For any onlookers, here’s a look at price cycles so you can see Sacramento was declining from 1991 onward already. https://sacramentoappraisalblog.com/2022/03/01/predicting-housing-price-cycles-isnt-so-easy/
And, if you want to see mortgage rates from the 1970s onward, here’s a great source. https://fred.stlouisfed.org/series/MORTGAGE30US
Dan Williams says
I agree it is great and necessary to analyze supply and demand. But how do you address market adjustments when the price continues to escalate while seeing slowing in demand?
Ryan Lundquist says
Hi Dan. That’s a great question. I don’t know that there is a one-size-fits-all answer, but this is where we need to look at sold comps vs similar listings and pendings. What sort of price difference is there? If buyers are willing to pay more, then we can try to quantify that in an adjustment. If supply increases and demand shrinks though, at some point we should expect for buyers to pay less (and we’d recognize that in the listings and pendings).
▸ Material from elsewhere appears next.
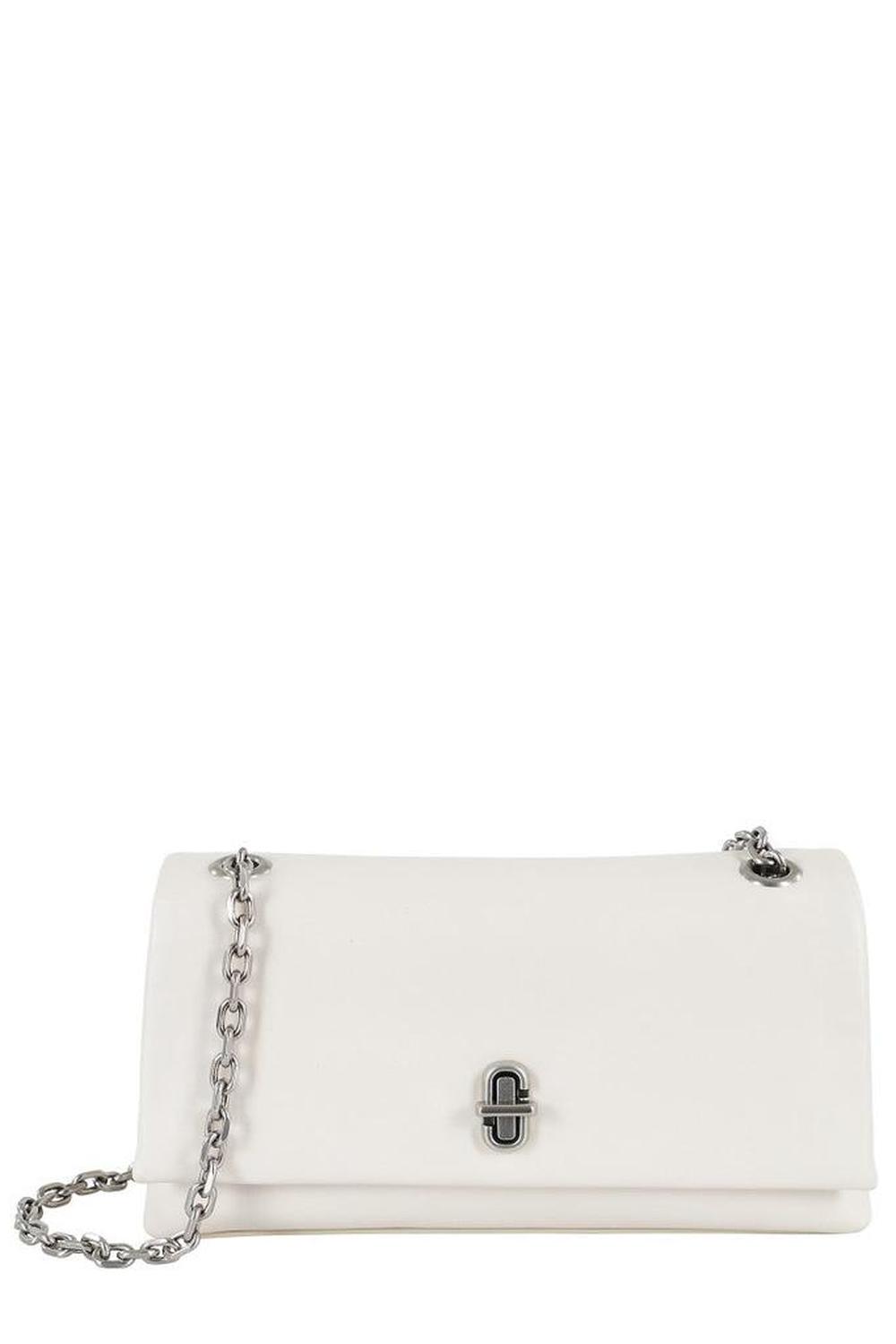 The Dual Chain Wallet by Marc Jacobs epitomizes refined elegance with its luxurious soft white nappa leather composition. This wallet features a streamlined design with a single compartment and convenient internal pockets, complemented by a stylish double chain handle and a secure flap closure with a turn-lock. A perfect accessory that balances practicality with high-end fashion, it enhances any ensemble with its sophisticated allure. 100% cow leather Height - 11 cm Width - 21 cm Depth - 7 cm Made in Italy

The market doesn’t all of the sudden typically stop though. We are seeing a change in demand right now for sure, but there has still been heavy activity. Even multiple offers are still higher than they normally are. But let’s watch for buyer resistance if supply keeps increasing and demand shrinks. In the midst of multiple offers, we’ve also seen pending contracts take a hit over the past few weeks in the region. But it hasn’t been an avalanche of a dip either (nothing remotely close to the 2005 graph I showed above). This is where we need to recognize the market is more like a thermometer with temperature changes rather than a complete on and off switch or some sort of only hot or only cold button. In short, I would have no problem giving upward adjustments in my appraisal reports today if that’s what the stats are suggesting. I also have no problem doing the opposite. In my mind this comes down to recognizing market temperature and trying to understand the temperature in coming weeks and months. One last thing. Demand has changed rather fast lately. While we don’t see a big dip in stats right now, this is something to watch.
Tom Horn says
It is easy to cherry-pick the stats we want, and that fit our narrative, however, appraisers must look at the market as a whole. Thanks for bringing this full perspective to everyone’s attention. If we keep our blinders on we may not see other stats that give us a better understanding of what may be happening.
Ryan Lundquist says
Well said, Tom. Thank you so much. I find it can be easy to only see the trees instead of the forest too. If we’re not careful in real estate, we can make the mistake of only looking at what is on our desk to interpret the market. But that may or may not reflect the trend. It’s not easy to avoid sensationalism either, but it’s critical. Being objective is a tremendous asset for real estate – and life.